Whatever the number of the principal energy level which corresponds to the period, or row,on the periodic table the atom has the same number of sublevels. Thus beryllium, on Period 2, has two principal energy levels, and its valence electrons are in sublevel 2s2. At the other end of the group is radium, on Period 7. Though radium is far more complex than beryllium, with seven energy levels instead of two, nonetheless it has the same valence electron configuration, only on a higher energy level: 7s2.
Helium and the alkaline earth metals
If one studies the valence electron configurations of elements on the periodic table, one notices an amazing symmetry and order. All members of a group, though their principal energy levels differ, share characteristics in their valence shell patterns. Furthermore, for the eight groups numbered in the North American version of the periodic table, the group number corresponds to the number of valence electrons.
There is only one exception: helium, with a valence electron configuration of 1 s2, is normally placed in Group 8 with the noble gases. Based on that s2 configuration, it might seem logical to place helium atop beryllium in the alkaline earth metals family; but there are several reasons why this is not done. First of all, helium is obviously not a metal. More importantly, helium behaves in a manner quite different from that of the alkaline earth metals.
Whereas helium, like the rest of the noble gases, is highly resistant to chemical reactions and bonding, alkaline earth metals are known for their high reactivity—that is, a tendency for bonds between atoms or molecules to be made or broken so that materials are transformed. (A similar relationship exists in Group 1, which includes hydrogen and the alkali metals. All have the same valence configuration, but hydrogen is never included as a member of the alkali metals family.)
Characteristics of the Alkaline Earth Metals
Like the alkali metals, the alkaline earth metals have the properties of a base, as opposed to an acid. The alkaline earth metals are shiny, and most are white or silvery in color. Like their “cousins” in the alkali metal family, they glow with characteristic colors when heated. Calcium glows orange, strontium a very bright red, and barium an apple green. Physically they are soft, though not as soft as the alkali metals, many of which can be cut with a knife.

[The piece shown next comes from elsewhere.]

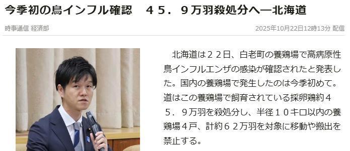 中国通讯社10月22日电 据日本时事通讯社报道,日本北海道县政府22日宣布,白老市一家禽养殖场确认爆发高致病性禽流感疫情。这是日本家禽养殖场本季度首次爆发禽流感。图片来源:日本时事报报道截图。据报道,北海道县政府决定宰杀家禽养殖场饲养的约45.9万只蛋鸡,并禁止方圆10公里内4个家禽养殖场(约62万只鸡)的牲畜和家禽的运输和出口。据报道,日本政府当天上午在首相官邸举行了相关大臣会议。日本内阁官房长官木原稔强调:“这是连续第六个流行季节。每年这个时候,电子百科全书都会开始。我们必须继续保持极其谨慎的态度。”此前,农林水产大臣铃木法一在农林水产省防疫本部会议上指出,“未来全国任何地方都有可能发生疫情”。他呼吁全国家禽养殖户和有关各方“尽一切努力,防止传染病暴发和蔓延”。 上一篇:我国低轨道成功发射12颗互联网卫星 下一篇:没有了

Yet another similarity the alkaline earth metals have with the alkali metals is the fact that four of the them—magnesium, calcium, strontium, and barium—were either identified or isolated in the first decade ofthe nineteenth century by English chemist Sir Humphry Davy (1778-1829). Around the same time, Davy also isolated sodium and potassium from the alkali metal family.
Reactivity
The alkaline earth metals are less reactive than the alkali metals, but like the alkali metals they are much more reactive than most elements. Again like their “cousins,” they react with water to produce hydrogen gas and the metal hydroxide, though their reactions are less pronounced than those of the alkali metals. Magnesium metal in its pure form is combustible, and when exposed to air, it burns with an intense white light, combining with the oxygen to produce magnesium oxide. Likewise calcium, strontium, and barium react with oxygen to form oxides.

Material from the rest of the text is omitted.